> **Information supplied**
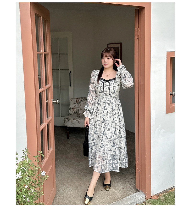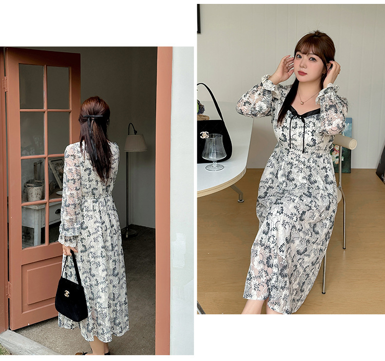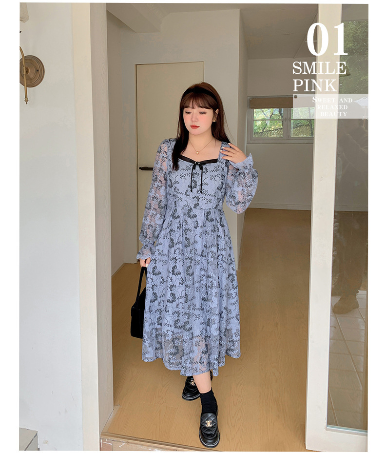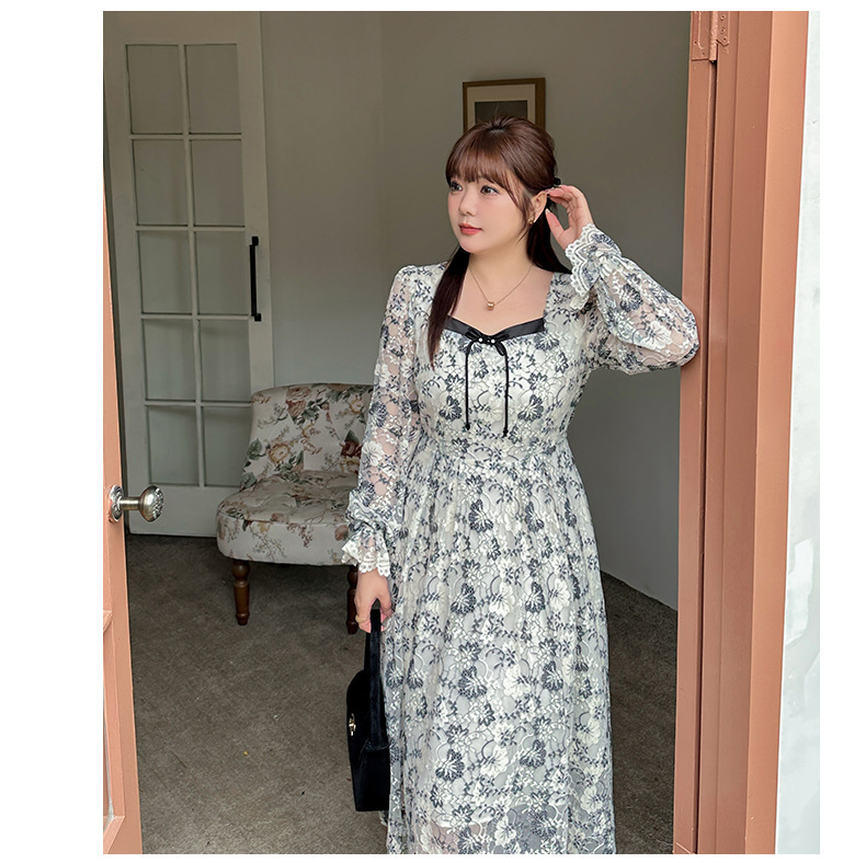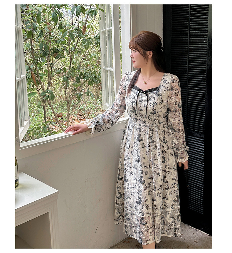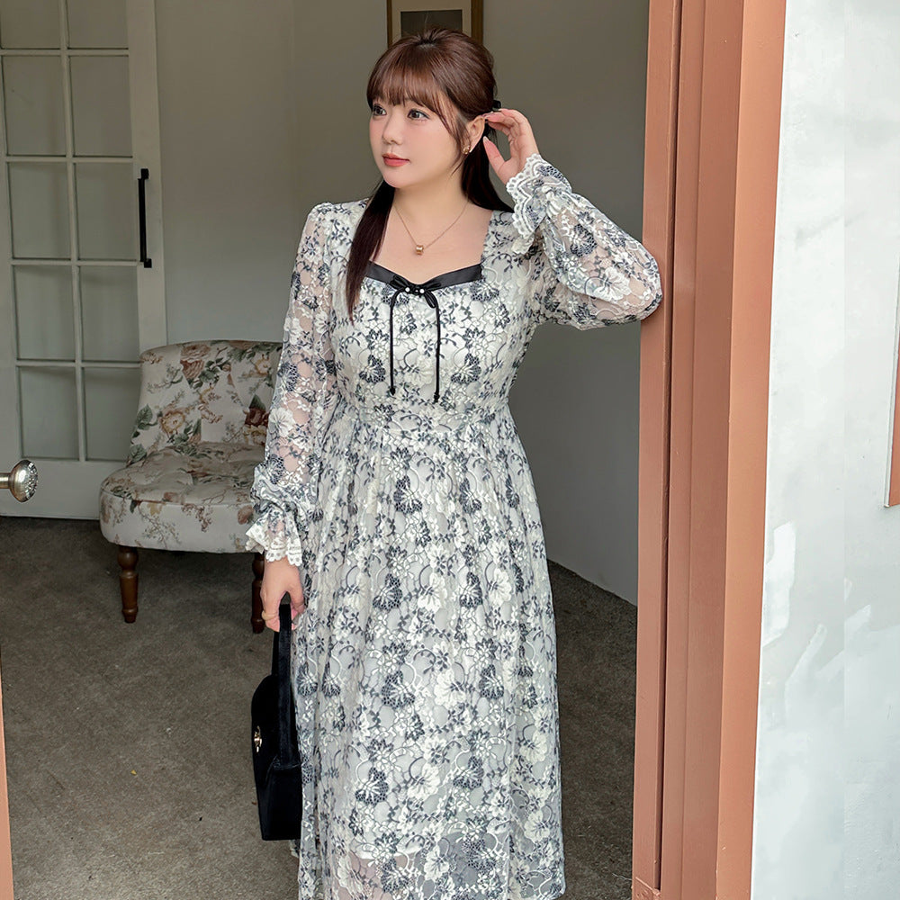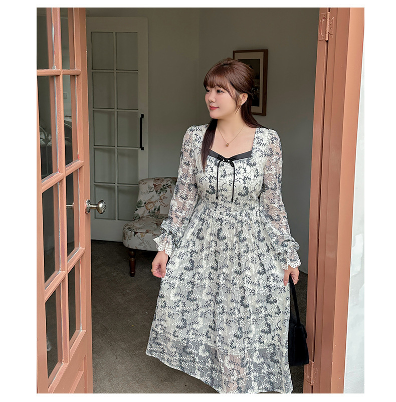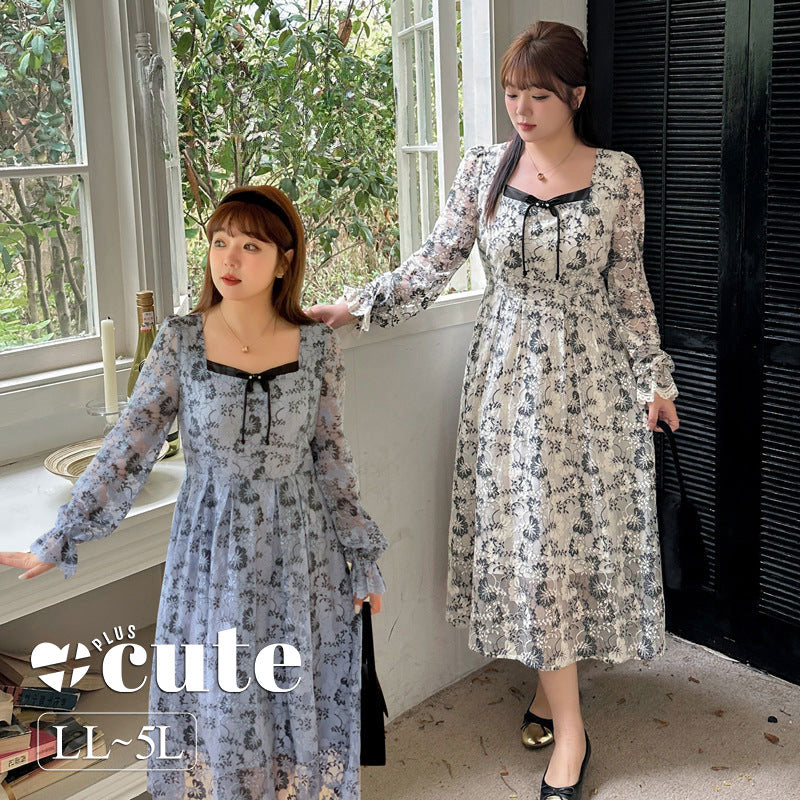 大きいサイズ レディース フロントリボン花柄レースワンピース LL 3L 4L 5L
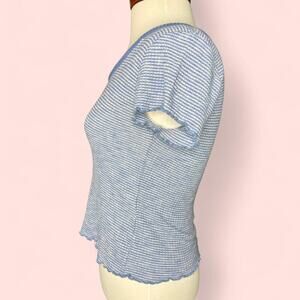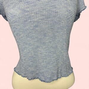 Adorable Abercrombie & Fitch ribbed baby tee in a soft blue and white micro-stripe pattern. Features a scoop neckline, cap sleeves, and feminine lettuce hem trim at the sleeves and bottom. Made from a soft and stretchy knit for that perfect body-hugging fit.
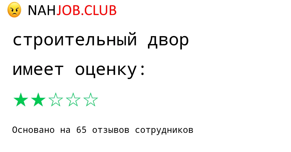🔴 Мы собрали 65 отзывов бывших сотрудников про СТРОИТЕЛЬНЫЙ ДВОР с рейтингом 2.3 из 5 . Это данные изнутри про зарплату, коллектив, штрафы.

> **Directions**
Give again, word for word, only the lines from the line containing "Adorable Abercrombie &" through the last line above, both included; leave the pictures out.

> **Answer to this task**
 Adorable Abercrombie & Fitch ribbed baby tee in a soft blue and white micro-stripe pattern. Features a scoop neckline, cap sleeves, and feminine lettuce hem trim at the sleeves and bottom. Made from a soft and stretchy knit for that perfect body-hugging fit.
🔴 Мы собрали 65 отзывов бывших сотрудников про СТРОИТЕЛЬНЫЙ ДВОР с рейтингом 2.3 из 5 . Это данные изнутри про зарплату, коллектив, штрафы.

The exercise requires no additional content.